Which approach should the ML specialist use to improve the performance of the model on the testing data?

Options:

A.

Increase the value of the momentum hyperparameter.

B.

Reduce the value of the dropout_rate hyperparameter.

C.

Reduce the value of the learning_rate hyperparameter.

D.

Increase the value of the L2 hyperparameter.

Question 3

A finance company has collected stock return data for 5.000 publicly traded companies. A financial analyst has a dataset that contains 2.000 attributes for each company. The financial analyst wants to use Amazon SageMaker to identify the top 15 attributes that are most valuable to predict future stock returns.

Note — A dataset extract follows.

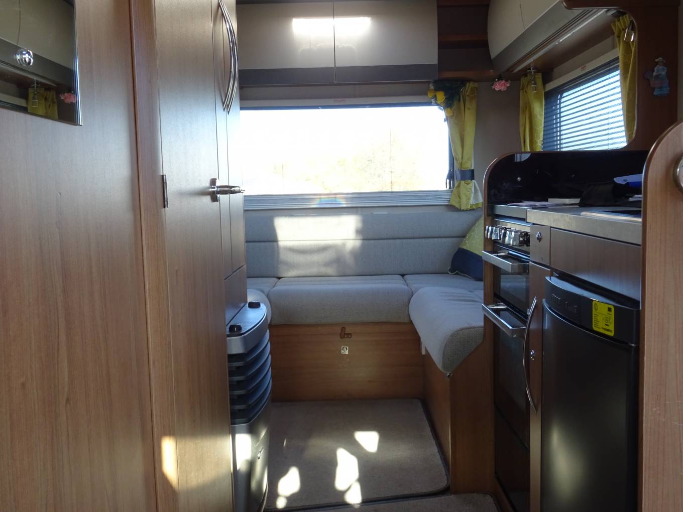 Going into the kitchen, there is all you would expect - a separate oven and grill, microwave, fridge with ice box, 4 burner hob (one electric) and a pop up plug. There is also a sink with hot/cold water and plenty of work surface with storage below and above. Opposite is the washroom, consisting of a separate shower, cassette toilet, sink and bathroom cabinet.

Which solution will meet these requirements with the LEAST operational overhead?

Options:

A.

Use the linear learner algorithm in SageMaker to train a linear regression model to predict the stock returns. Identify the most predictive features by ranking absolute coefficient values.

B.

Use random forest regression in SageMaker to train a model to predict the stock returns. Identify the most predictive features based on Gini importance scores.

C.

Use an Amazon SageMaker Data Wrangler quick model visualization to predict the stock returns. Identify the most predictive features based on the quick model's feature importance scores.

D.

Use Amazon SageMaker Autopilot to build a regression model to predict the stock returns. Identify the most predictive features based on an Amazon SageMaker Clarify report.